(Stored data)

####################

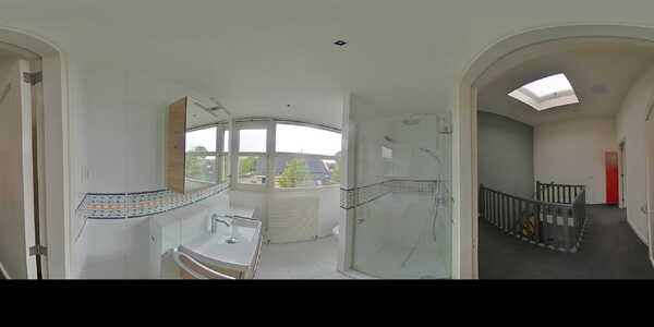 Moderne badkamer (ca. 9 m2) met sanitaire voorzieningen zoals een grote wastafel met twee kranen en wastafelmeubel, spiegel met spiegelmeubel en verlichting, hangend tweede toilet, ligbad, inloopdouche met regendouche en designradiator. De badkamer is geheel betegeld en afgewerkt met elektrische vloerverwarming, hor, spotjes en handmatig bedienbaar markies.
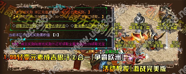 【攻城累计:】新区开放2日后攻城.攻城结束城主可领取全服充值元宝10%的奖励.
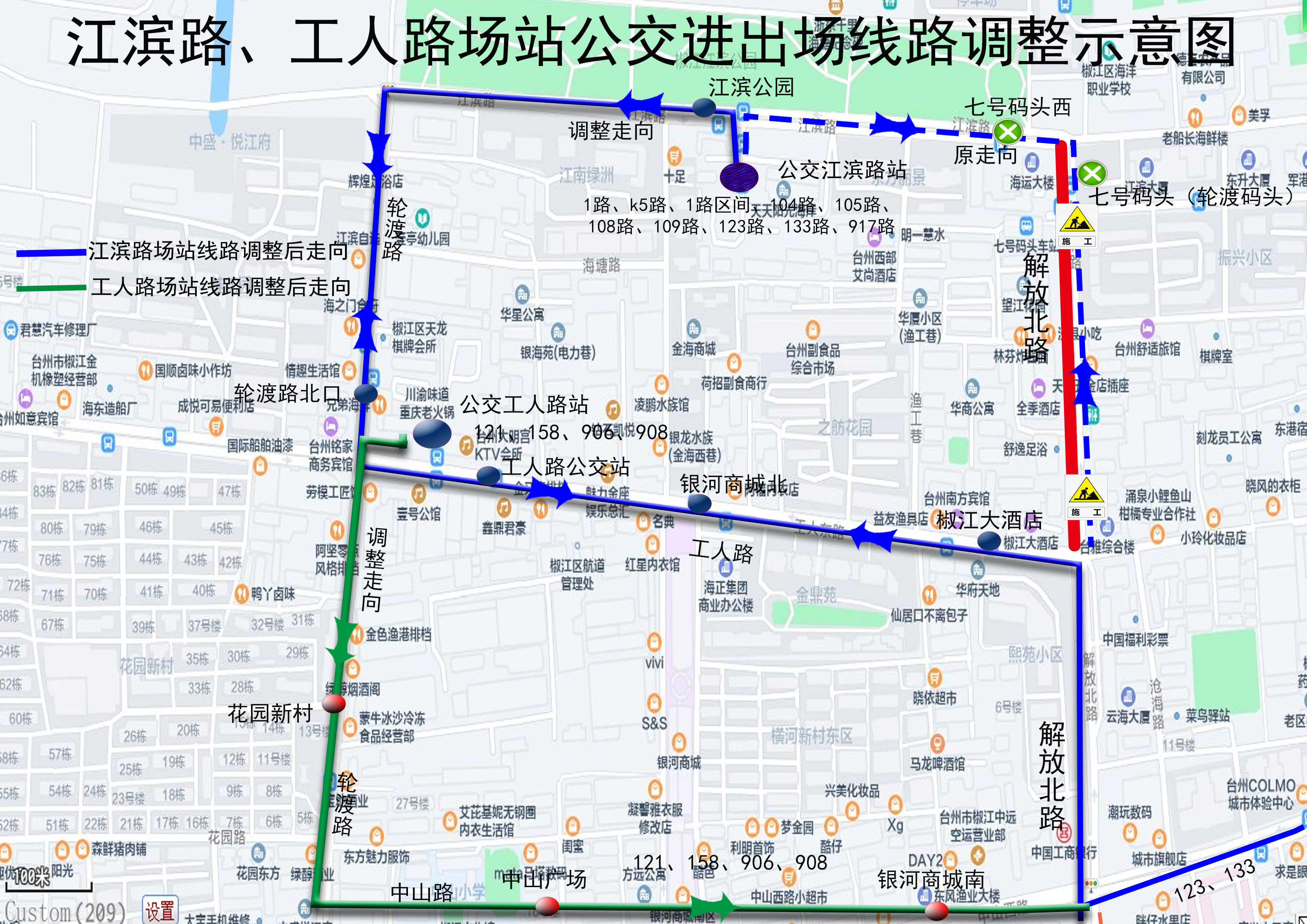 江濱路公交站始發(fā)線路:1路、1路區(qū)間、104路、105路、108路(外環(huán))、109路、123路、133路、917路、K5路共10條公交線路調(diào)整為輪渡路、工人路至解放北路。臨時取消七號碼頭站,啟用輪渡路北口、工人路公交站、銀河商城北、椒江大酒店等站點。
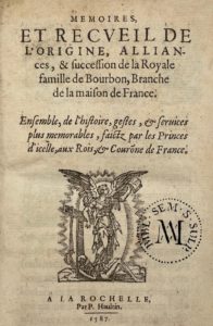 [BELLOY (Pierre de)] — Mémoires et recueil de l'origine, alliances, et succession de la royale famille de Bourbon, branche de la Maison de France.
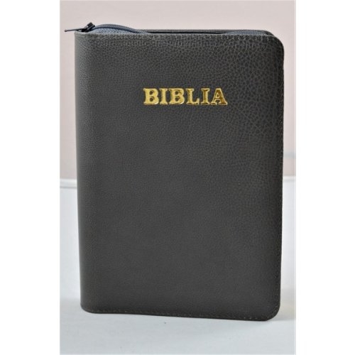 Biblia din piele, medie, gri, fermoar, aurita, cuv. lui Isus cu rosu [052]

####################

* **PROMPT**
Give every line above again exactly, omitting whatever pictures appear.

* **YOUR RESPONSE**
 Moderne badkamer (ca. 9 m2) met sanitaire voorzieningen zoals een grote wastafel met twee kranen en wastafelmeubel, spiegel met spiegelmeubel en verlichting, hangend tweede toilet, ligbad, inloopdouche met regendouche en designradiator. De badkamer is geheel betegeld en afgewerkt met elektrische vloerverwarming, hor, spotjes en handmatig bedienbaar markies.
 【攻城累计:】新区开放2日后攻城.攻城结束城主可领取全服充值元宝10%的奖励.
 江濱路公交站始發(fā)線路:1路、1路區(qū)間、104路、105路、108路(外環(huán))、109路、123路、133路、917路、K5路共10條公交線路調(diào)整為輪渡路、工人路至解放北路。臨時取消七號碼頭站,啟用輪渡路北口、工人路公交站、銀河商城北、椒江大酒店等站點。
 [BELLOY (Pierre de)] — Mémoires et recueil de l'origine, alliances, et succession de la royale famille de Bourbon, branche de la Maison de France.
 Biblia din piele, medie, gri, fermoar, aurita, cuv. lui Isus cu rosu [052]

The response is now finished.